◆ Records shown

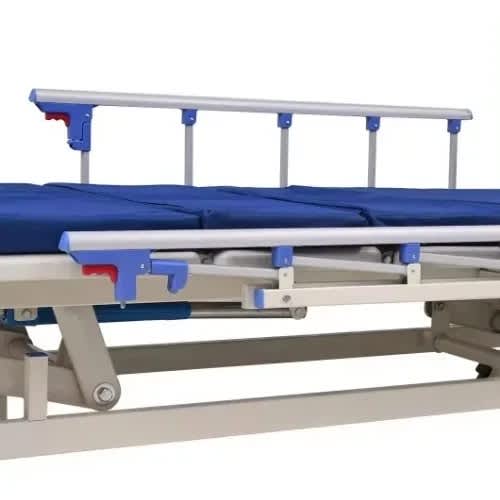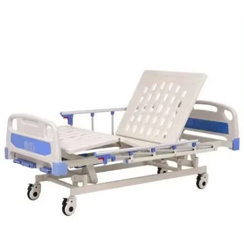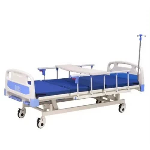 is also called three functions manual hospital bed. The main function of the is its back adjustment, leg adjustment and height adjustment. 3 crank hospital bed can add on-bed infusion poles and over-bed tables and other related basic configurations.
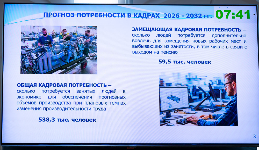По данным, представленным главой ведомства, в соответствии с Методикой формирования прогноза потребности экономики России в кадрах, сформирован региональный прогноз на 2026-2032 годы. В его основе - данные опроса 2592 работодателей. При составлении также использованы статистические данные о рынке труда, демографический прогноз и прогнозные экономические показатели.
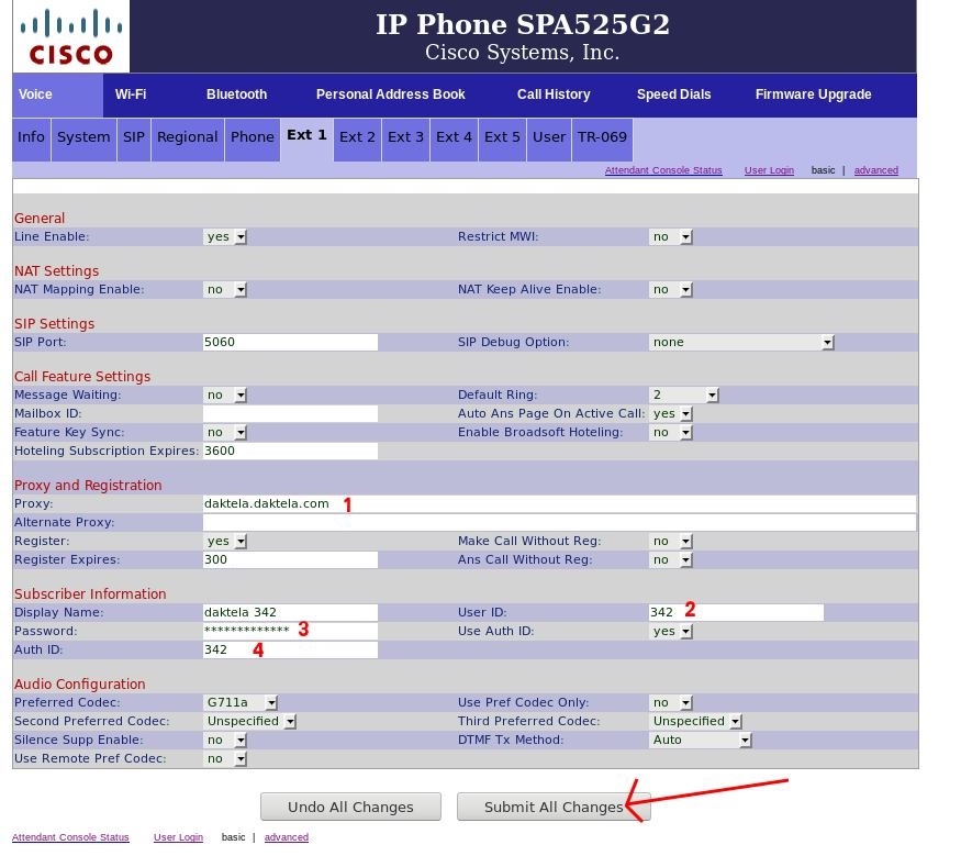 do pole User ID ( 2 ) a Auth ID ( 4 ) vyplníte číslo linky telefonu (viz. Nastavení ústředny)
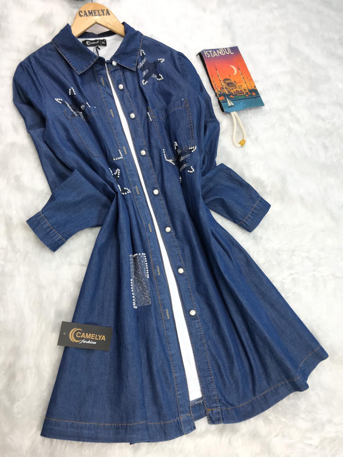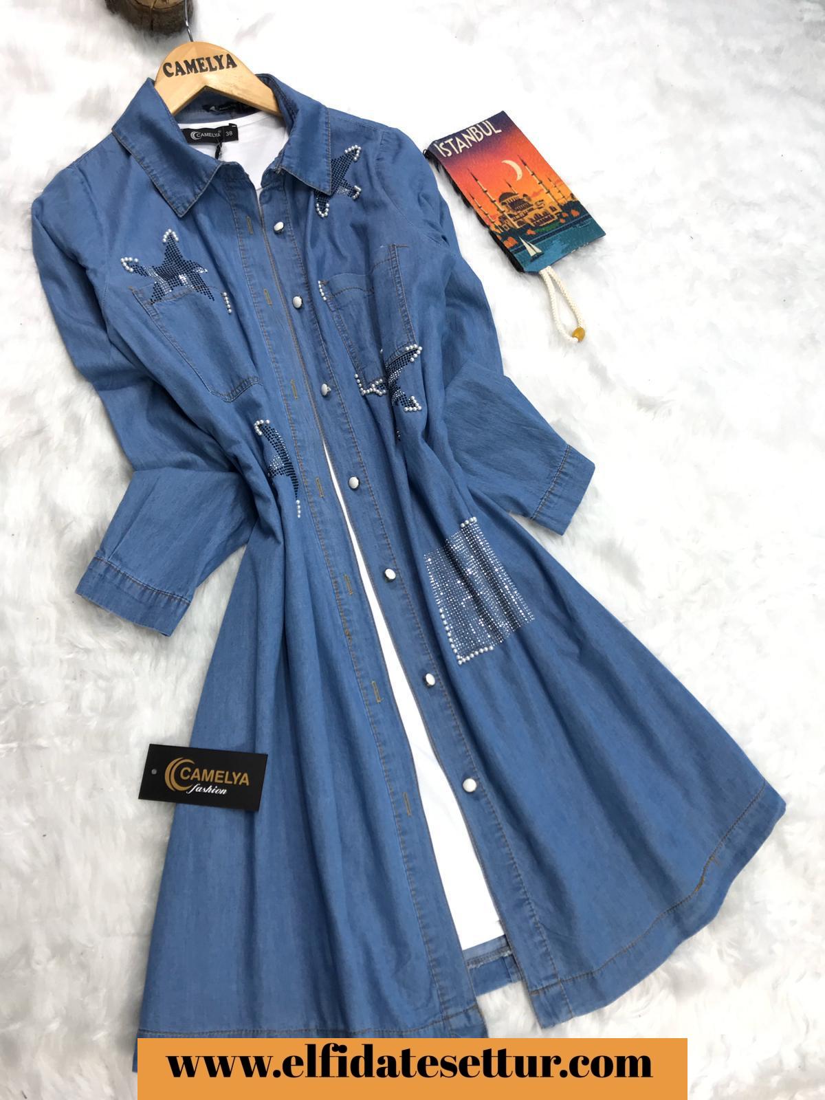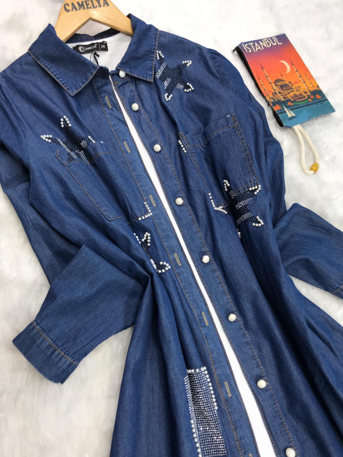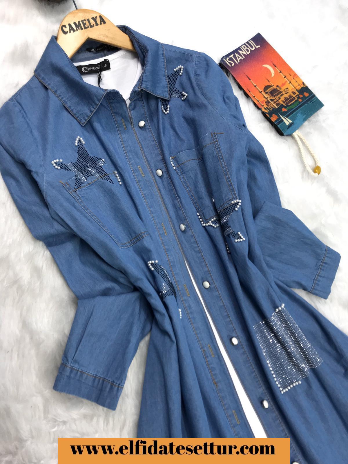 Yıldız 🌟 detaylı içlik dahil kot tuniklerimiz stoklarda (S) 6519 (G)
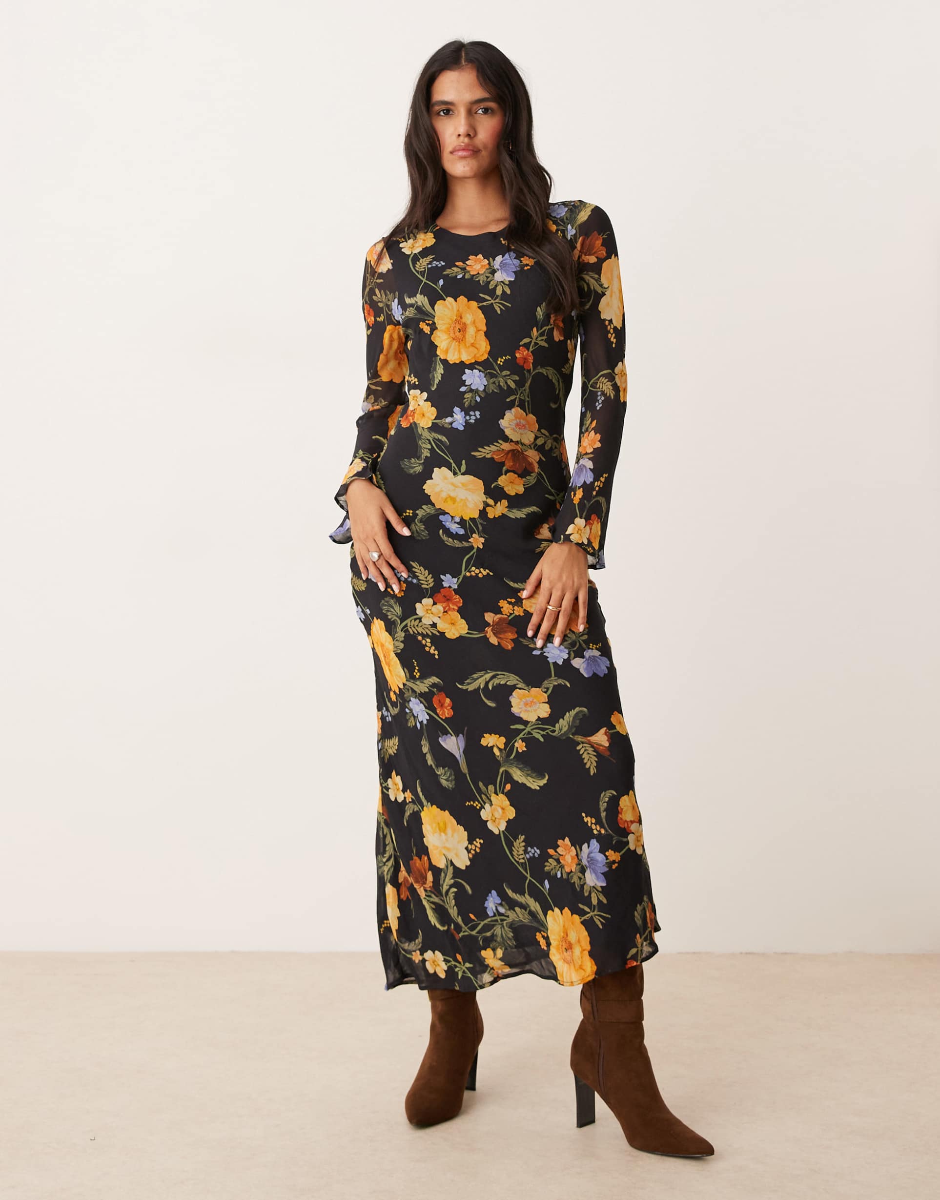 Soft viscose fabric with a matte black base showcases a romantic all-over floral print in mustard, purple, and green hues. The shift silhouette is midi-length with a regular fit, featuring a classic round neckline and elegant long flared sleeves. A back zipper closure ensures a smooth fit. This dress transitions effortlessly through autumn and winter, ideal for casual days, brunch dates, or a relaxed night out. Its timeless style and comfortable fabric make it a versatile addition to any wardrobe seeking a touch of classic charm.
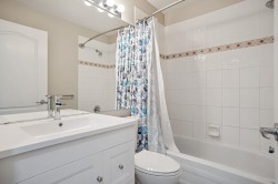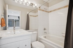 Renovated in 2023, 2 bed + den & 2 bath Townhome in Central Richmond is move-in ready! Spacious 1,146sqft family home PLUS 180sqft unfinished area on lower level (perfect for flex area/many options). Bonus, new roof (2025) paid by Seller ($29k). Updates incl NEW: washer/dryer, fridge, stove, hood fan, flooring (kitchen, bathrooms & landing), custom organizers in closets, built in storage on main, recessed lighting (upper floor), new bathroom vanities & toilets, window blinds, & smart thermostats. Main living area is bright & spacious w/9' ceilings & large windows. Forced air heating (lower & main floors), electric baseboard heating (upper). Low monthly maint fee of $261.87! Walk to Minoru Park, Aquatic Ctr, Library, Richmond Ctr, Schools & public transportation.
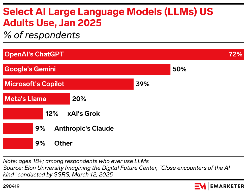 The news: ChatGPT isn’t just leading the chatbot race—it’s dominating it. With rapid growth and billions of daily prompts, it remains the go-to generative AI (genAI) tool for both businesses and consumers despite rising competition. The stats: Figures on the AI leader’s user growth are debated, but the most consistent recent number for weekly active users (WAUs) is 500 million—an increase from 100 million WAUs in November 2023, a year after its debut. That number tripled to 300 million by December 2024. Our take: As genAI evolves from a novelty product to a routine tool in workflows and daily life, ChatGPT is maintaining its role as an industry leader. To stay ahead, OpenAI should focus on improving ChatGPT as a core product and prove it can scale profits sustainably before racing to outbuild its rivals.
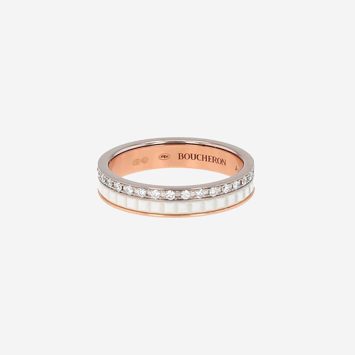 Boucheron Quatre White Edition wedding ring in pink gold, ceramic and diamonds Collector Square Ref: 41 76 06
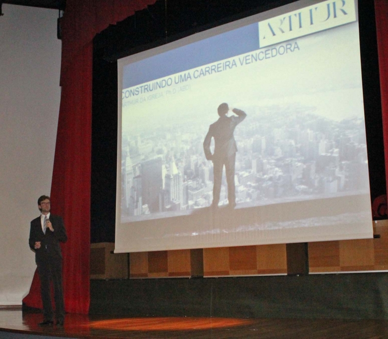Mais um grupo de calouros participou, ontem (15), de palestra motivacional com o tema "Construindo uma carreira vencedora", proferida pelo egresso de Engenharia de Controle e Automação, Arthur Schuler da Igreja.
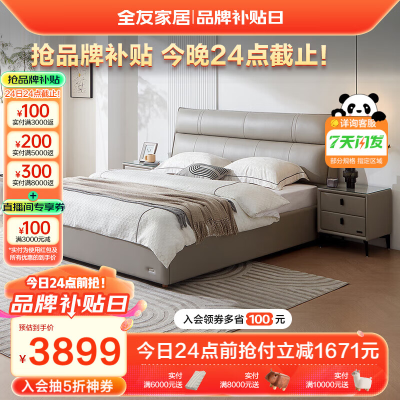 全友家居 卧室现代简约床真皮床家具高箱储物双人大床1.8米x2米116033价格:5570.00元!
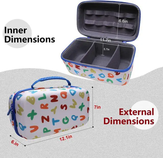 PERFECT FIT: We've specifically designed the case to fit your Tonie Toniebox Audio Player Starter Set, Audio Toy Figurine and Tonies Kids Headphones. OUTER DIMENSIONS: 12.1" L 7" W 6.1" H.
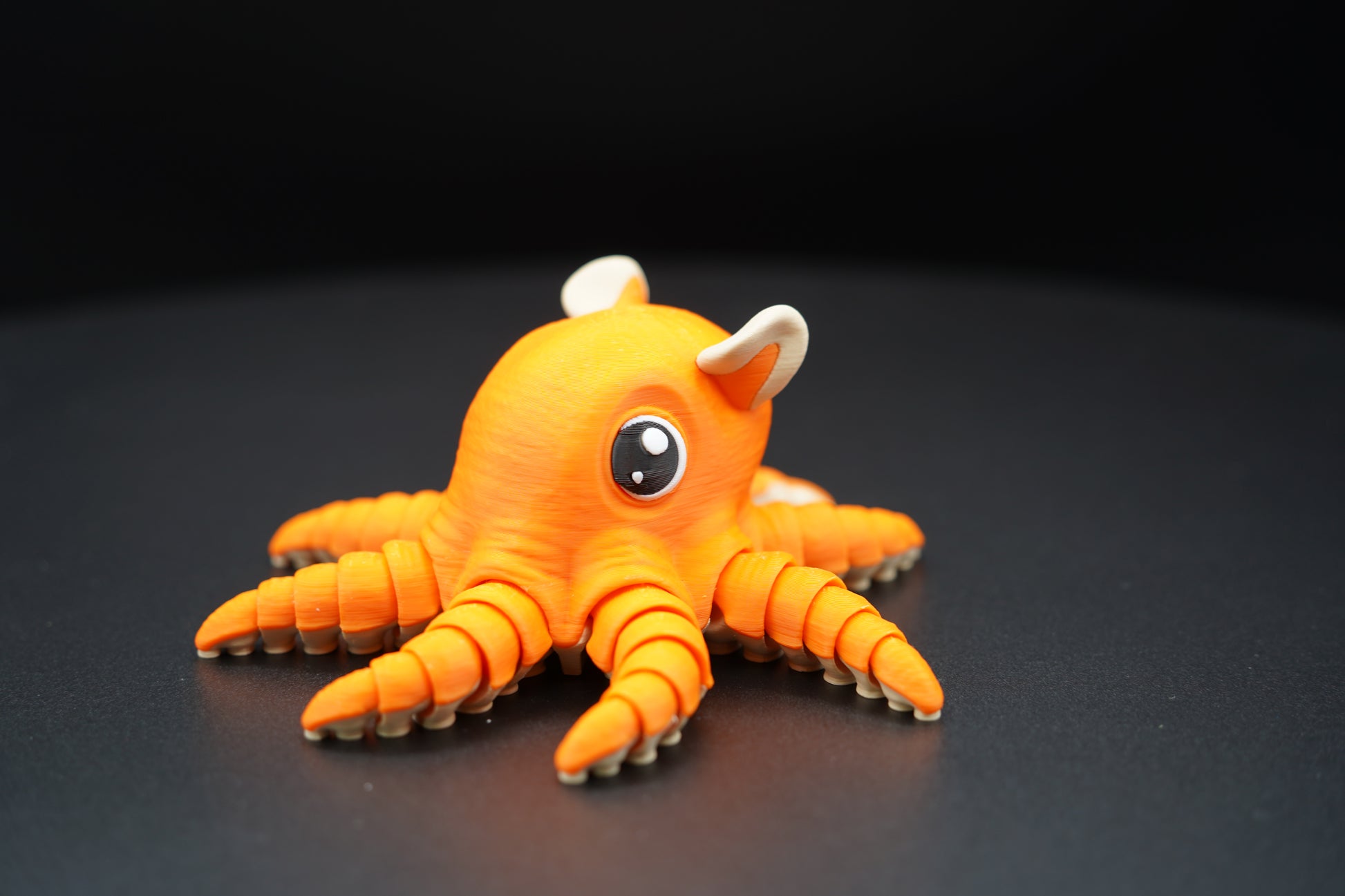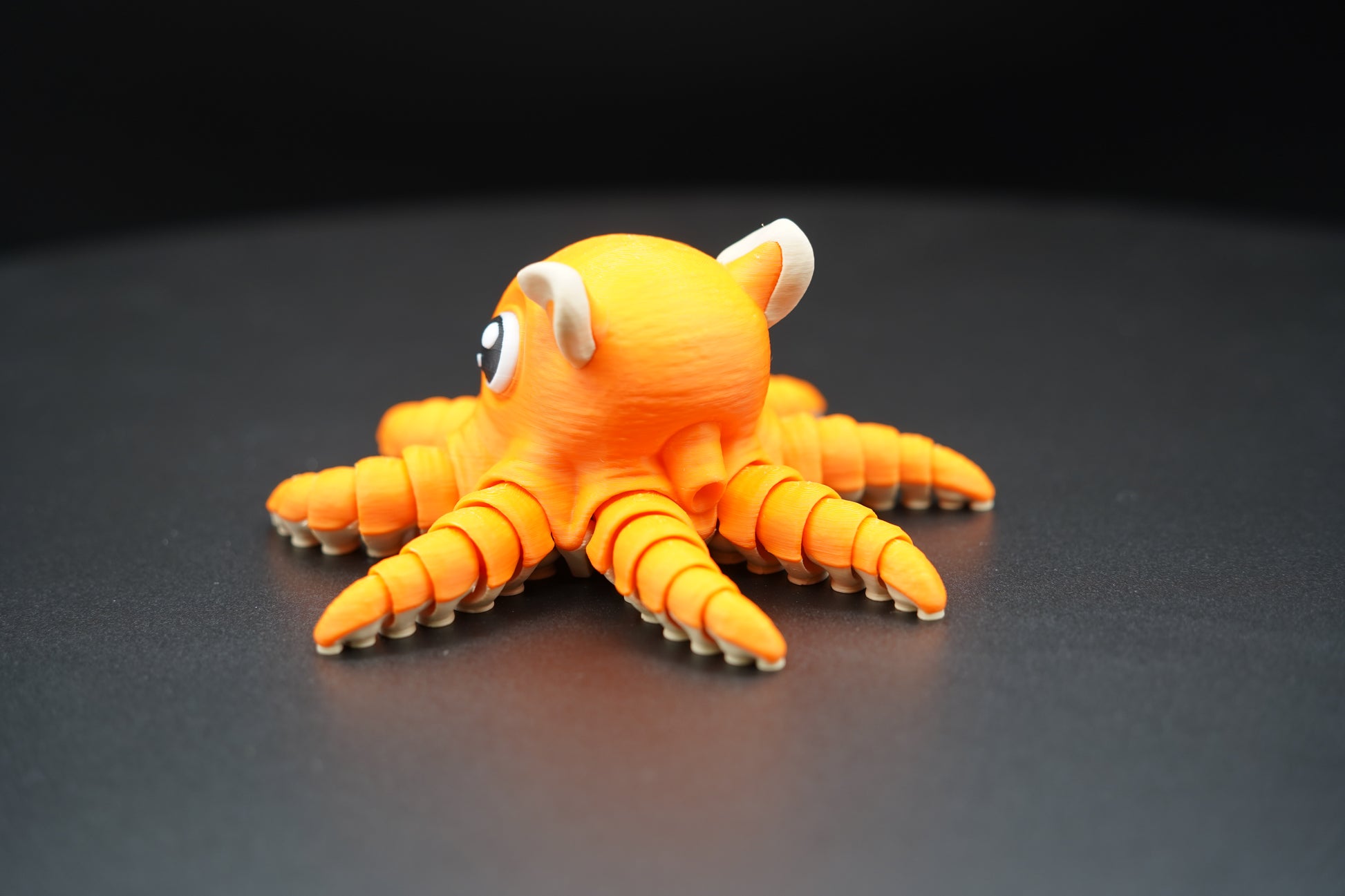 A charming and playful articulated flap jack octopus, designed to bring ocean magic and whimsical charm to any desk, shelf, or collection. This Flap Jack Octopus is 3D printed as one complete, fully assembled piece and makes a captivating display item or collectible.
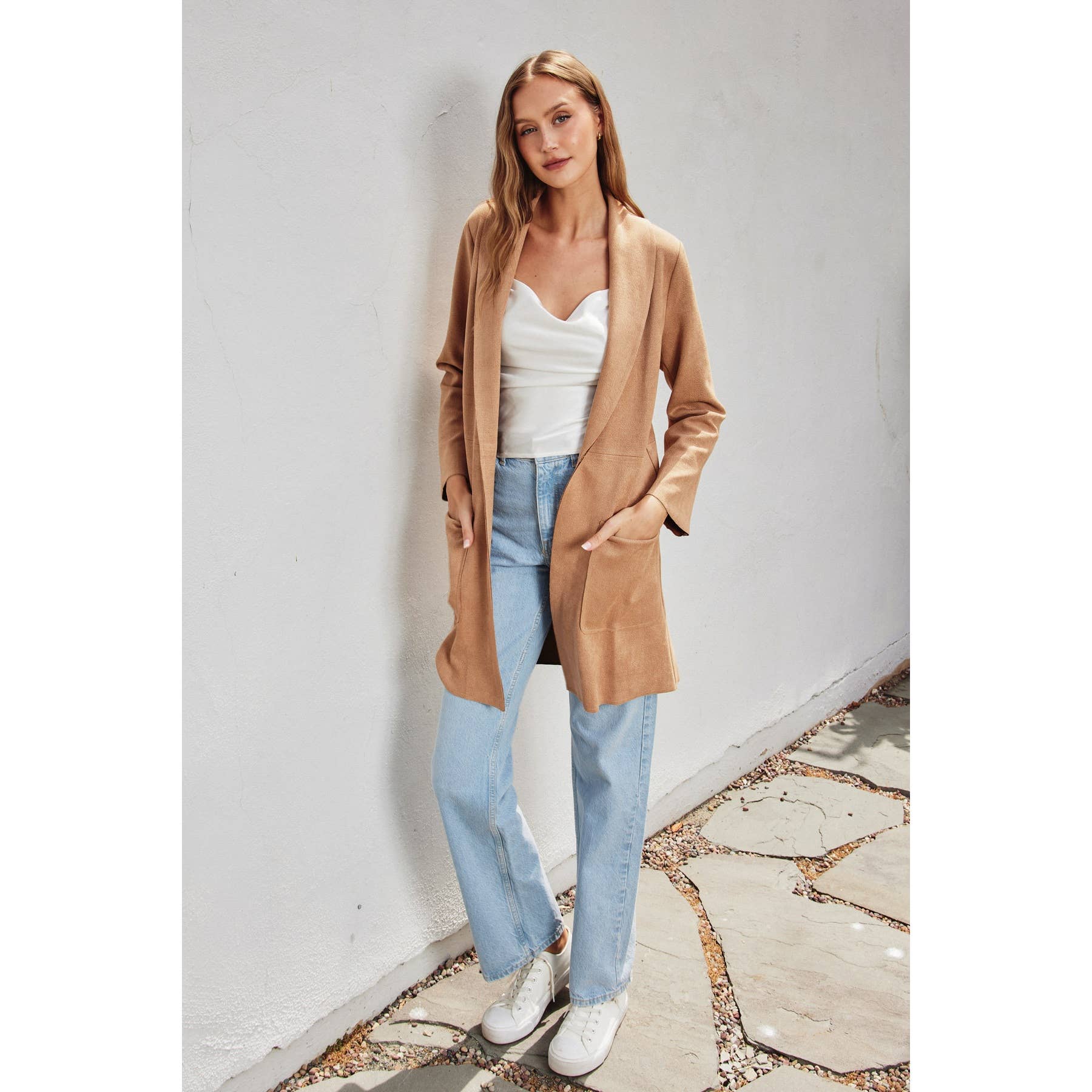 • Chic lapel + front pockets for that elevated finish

◆ Exercise
Write the records above out again word for word, skipping each picture.

◆ Your response
 is also called three functions manual hospital bed. The main function of the is its back adjustment, leg adjustment and height adjustment. 3 crank hospital bed can add on-bed infusion poles and over-bed tables and other related basic configurations.
По данным, представленным главой ведомства, в соответствии с Методикой формирования прогноза потребности экономики России в кадрах, сформирован региональный прогноз на 2026-2032 годы. В его основе - данные опроса 2592 работодателей. При составлении также использованы статистические данные о рынке труда, демографический прогноз и прогнозные экономические показатели.
 do pole User ID ( 2 ) a Auth ID ( 4 ) vyplníte číslo linky telefonu (viz. Nastavení ústředny)
 Yıldız 🌟 detaylı içlik dahil kot tuniklerimiz stoklarda (S) 6519 (G)
 Soft viscose fabric with a matte black base showcases a romantic all-over floral print in mustard, purple, and green hues. The shift silhouette is midi-length with a regular fit, featuring a classic round neckline and elegant long flared sleeves. A back zipper closure ensures a smooth fit. This dress transitions effortlessly through autumn and winter, ideal for casual days, brunch dates, or a relaxed night out. Its timeless style and comfortable fabric make it a versatile addition to any wardrobe seeking a touch of classic charm.
 Renovated in 2023, 2 bed + den & 2 bath Townhome in Central Richmond is move-in ready! Spacious 1,146sqft family home PLUS 180sqft unfinished area on lower level (perfect for flex area/many options). Bonus, new roof (2025) paid by Seller ($29k). Updates incl NEW: washer/dryer, fridge, stove, hood fan, flooring (kitchen, bathrooms & landing), custom organizers in closets, built in storage on main, recessed lighting (upper floor), new bathroom vanities & toilets, window blinds, & smart thermostats. Main living area is bright & spacious w/9' ceilings & large windows. Forced air heating (lower & main floors), electric baseboard heating (upper). Low monthly maint fee of $261.87! Walk to Minoru Park, Aquatic Ctr, Library, Richmond Ctr, Schools & public transportation.
 The news: ChatGPT isn’t just leading the chatbot race—it’s dominating it. With rapid growth and billions of daily prompts, it remains the go-to generative AI (genAI) tool for both businesses and consumers despite rising competition. The stats: Figures on the AI leader’s user growth are debated, but the most consistent recent number for weekly active users (WAUs) is 500 million—an increase from 100 million WAUs in November 2023, a year after its debut. That number tripled to 300 million by December 2024. Our take: As genAI evolves from a novelty product to a routine tool in workflows and daily life, ChatGPT is maintaining its role as an industry leader. To stay ahead, OpenAI should focus on improving ChatGPT as a core product and prove it can scale profits sustainably before racing to outbuild its rivals.
 Boucheron Quatre White Edition wedding ring in pink gold, ceramic and diamonds Collector Square Ref: 41 76 06
Mais um grupo de calouros participou, ontem (15), de palestra motivacional com o tema "Construindo uma carreira vencedora", proferida pelo egresso de Engenharia de Controle e Automação, Arthur Schuler da Igreja.
 全友家居 卧室现代简约床真皮床家具高箱储物双人大床1.8米x2米116033价格:5570.00元!
 PERFECT FIT: We've specifically designed the case to fit your Tonie Toniebox Audio Player Starter Set, Audio Toy Figurine and Tonies Kids Headphones. OUTER DIMENSIONS: 12.1" L 7" W 6.1" H.
 A charming and playful articulated flap jack octopus, designed to bring ocean magic and whimsical charm to any desk, shelf, or collection. This Flap Jack Octopus is 3D printed as one complete, fully assembled piece and makes a captivating display item or collectible.
 • Chic lapel + front pockets for that elevated finish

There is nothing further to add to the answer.